Otyam’la Saroyan’ın bağını ve Otyam’ın uzun röportajının içine oturduğu bir diplomatik çerçeve algılıyorum ben, tabiri caizse. Saroyan nazik bir konuk üzere davranmış, konuklarını terletecek şeyler söylememeye uğraş etmiş, Otyam da cetlerinin memleketini sıcak hislerle ziyarete gelmiş, dışı Amerikalı içi Anadolulu bir muharrir portresi çizmiş. Güya art planda sıradan bir göç kıssası varmış üzere. Saroyan da o noktada hissettiklerini sözlere dökecek noktada değildi diye düşünülebilir, lakin birinci kitabında da, kitabına giren hikayelerle tıpkı periyotta takma isimle yazdığı hikayelerde de görülür ki ismine hüzün mü demeli, yıkım mı demeli, bir tını vardır, bazen derinde, bazen yüzeyde. Lakin Otyam ne o kitaptan haberdardı, ne kitaptaki ‘Yetmiş Bin Süryani’ hikayesinden, ne de ona emsal öteki hikayelerden. 1999 yılında telefonla konuştuğumda, benzetme yerindeyse Ahmet Haşim’in tül perdesi arkasına koyup baktığımız Anadolulu Saroyan imgesinin Otyam’ın zihninde motamot durduğunu anladım.

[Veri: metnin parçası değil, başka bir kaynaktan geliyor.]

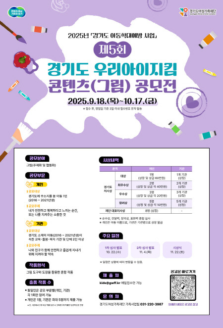 심사는 외부 전문가가 순수성, 전달력, 창의성, 표현력 등을 기준으로 진행하며, 총 30작품을 선정해 시상한다. ▲경기도지사상은 개인 1명(상금 60만 원)과 기관 1곳 ▲최우수상은 개인 2명(각 40만 원)과 기관 2곳 ▲우수상은 개인 3명(각 20만 원)과 기관 3곳 ▲장려상은 개인 5명(각 10만 원)과 기관 5곳 ▲재단 대표이사상은 개인 8명에게 수여할 예정이다. 수상작은 도내 전시와 함께 교육·홍보 자료로 활용되며, 카드뉴스와 영상 등 2차 콘텐츠로 제작해 아동권리 존중과 학대 예방 홍보에 쓸 계획이다.

Zobyan’a gelince, Otyam’a çeperdeki muhabir diyeceksek, ona içerideki muhabir demek herhalde daha yanlışsız olur zira seyahatin başından beri Saroyan’ın yanında ve Saroyan hissettiklerini ona rahatlıkla söyleyebiliyor, Otyam’la kurduğu diplomatik alakanın kısıtları olmadan. Ermenice yazılan izlenimler bildiğimiz nedenlerden dolayı küçük bir okuyucu kitlesine hitap ettiğinden Zobyan röportajını Türkiye medyasının bakışı başlığı altında kıymetlendirmek gerçek olmaz diye düşünüyorum.